→ TASK DETAILS
Find all lines below containing the string "room" and return them.

Segment Start: MATERIAL FOR THE TASK

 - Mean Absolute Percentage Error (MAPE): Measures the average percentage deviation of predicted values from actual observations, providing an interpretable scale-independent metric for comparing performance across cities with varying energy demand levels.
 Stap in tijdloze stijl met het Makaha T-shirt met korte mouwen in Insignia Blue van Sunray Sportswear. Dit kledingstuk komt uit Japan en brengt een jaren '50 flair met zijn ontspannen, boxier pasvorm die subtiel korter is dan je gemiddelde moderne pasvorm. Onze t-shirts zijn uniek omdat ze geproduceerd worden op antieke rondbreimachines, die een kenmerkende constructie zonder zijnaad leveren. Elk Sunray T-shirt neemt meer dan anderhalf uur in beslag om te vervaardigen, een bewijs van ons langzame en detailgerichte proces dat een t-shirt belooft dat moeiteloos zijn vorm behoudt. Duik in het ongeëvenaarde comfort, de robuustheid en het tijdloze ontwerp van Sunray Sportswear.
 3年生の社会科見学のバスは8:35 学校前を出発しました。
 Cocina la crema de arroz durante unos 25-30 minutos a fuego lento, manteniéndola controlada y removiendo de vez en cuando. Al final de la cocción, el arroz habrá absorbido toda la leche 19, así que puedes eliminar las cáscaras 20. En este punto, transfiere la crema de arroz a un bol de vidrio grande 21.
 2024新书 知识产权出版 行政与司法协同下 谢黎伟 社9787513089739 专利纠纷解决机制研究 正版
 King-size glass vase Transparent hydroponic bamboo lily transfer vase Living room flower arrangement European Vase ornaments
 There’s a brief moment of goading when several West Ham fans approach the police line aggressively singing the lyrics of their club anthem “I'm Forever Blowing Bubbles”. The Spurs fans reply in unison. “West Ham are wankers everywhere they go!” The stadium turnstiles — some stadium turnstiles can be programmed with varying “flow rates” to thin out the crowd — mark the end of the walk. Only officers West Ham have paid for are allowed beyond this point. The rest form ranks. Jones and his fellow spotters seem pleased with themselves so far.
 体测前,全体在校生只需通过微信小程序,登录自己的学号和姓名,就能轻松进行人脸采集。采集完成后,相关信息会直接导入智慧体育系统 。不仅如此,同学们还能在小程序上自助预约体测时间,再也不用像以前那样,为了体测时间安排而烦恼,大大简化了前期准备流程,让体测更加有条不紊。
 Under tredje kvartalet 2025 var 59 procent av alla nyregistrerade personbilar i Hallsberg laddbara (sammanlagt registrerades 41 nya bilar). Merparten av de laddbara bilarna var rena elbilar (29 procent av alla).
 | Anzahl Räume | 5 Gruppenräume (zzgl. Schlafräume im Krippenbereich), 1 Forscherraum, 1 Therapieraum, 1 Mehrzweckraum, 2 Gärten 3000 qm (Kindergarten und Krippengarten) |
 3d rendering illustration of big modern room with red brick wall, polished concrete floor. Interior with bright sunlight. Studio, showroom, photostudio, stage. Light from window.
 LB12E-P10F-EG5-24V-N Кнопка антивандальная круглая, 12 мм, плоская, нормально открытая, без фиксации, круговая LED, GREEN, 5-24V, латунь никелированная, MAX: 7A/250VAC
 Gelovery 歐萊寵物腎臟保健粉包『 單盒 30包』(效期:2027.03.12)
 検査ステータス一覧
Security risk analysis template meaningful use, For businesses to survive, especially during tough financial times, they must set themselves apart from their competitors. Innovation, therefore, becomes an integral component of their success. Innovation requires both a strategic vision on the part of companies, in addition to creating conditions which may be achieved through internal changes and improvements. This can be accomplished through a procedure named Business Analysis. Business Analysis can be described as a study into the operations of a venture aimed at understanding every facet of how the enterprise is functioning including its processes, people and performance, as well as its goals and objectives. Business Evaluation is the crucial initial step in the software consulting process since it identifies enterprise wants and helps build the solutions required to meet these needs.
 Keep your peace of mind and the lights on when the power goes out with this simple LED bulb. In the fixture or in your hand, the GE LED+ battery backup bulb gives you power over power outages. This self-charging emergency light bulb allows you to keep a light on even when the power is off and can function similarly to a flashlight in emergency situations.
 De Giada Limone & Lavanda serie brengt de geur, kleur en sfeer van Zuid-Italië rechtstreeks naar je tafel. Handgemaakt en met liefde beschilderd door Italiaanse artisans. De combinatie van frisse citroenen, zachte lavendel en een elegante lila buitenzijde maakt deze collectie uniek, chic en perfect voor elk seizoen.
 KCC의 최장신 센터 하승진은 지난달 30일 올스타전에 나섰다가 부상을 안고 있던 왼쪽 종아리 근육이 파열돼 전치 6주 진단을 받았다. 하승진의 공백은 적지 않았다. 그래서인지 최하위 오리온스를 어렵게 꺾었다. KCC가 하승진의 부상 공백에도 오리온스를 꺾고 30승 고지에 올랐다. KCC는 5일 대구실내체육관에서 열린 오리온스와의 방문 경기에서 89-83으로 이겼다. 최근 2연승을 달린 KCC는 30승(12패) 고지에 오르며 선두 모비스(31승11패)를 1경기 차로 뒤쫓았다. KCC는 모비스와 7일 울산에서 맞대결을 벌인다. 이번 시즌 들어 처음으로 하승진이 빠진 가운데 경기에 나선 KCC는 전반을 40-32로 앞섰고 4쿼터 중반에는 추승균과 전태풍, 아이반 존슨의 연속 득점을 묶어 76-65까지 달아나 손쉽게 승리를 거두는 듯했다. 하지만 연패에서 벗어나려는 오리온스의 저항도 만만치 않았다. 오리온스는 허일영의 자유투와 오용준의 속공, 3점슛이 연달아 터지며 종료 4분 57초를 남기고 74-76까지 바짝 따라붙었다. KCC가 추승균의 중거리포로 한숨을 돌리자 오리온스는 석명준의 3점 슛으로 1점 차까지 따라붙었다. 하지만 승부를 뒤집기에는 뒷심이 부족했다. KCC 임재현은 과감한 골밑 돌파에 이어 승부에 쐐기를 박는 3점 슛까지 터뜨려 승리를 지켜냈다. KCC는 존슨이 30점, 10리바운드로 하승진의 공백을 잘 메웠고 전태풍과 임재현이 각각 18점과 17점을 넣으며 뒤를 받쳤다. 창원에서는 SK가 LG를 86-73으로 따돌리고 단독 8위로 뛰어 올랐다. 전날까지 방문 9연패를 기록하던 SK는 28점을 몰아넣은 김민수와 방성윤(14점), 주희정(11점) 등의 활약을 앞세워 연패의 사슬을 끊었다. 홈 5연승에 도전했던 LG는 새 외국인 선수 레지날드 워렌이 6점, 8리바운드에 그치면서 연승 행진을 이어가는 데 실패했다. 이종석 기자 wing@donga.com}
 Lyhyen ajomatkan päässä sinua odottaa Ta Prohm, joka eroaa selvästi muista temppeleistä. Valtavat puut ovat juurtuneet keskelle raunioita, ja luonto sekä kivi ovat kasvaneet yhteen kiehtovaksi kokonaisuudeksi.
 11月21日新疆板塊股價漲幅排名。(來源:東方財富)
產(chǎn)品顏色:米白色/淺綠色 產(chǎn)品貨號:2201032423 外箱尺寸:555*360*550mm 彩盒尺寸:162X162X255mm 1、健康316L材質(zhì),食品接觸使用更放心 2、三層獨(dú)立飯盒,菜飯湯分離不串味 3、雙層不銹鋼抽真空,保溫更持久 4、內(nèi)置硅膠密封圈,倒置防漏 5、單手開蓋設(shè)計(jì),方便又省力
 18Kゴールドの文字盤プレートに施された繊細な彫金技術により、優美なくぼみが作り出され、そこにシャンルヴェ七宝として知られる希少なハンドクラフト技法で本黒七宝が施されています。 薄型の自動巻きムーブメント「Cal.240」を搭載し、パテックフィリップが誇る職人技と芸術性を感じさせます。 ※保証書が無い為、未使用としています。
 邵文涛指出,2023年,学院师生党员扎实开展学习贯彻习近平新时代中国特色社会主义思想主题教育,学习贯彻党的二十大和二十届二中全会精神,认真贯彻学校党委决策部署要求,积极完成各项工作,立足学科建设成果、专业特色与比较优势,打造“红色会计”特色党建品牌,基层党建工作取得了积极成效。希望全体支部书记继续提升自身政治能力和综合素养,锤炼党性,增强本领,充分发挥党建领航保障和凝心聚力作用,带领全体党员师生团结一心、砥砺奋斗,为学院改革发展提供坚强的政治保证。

Segment End: MATERIAL FOR THE TASK

→ ANSWER BELOW
 King-size glass vase Transparent hydroponic bamboo lily transfer vase Living room flower arrangement European Vase ornaments
 3d rendering illustration of big modern room with red brick wall, polished concrete floor. Interior with bright sunlight. Studio, showroom, photostudio, stage. Light from window.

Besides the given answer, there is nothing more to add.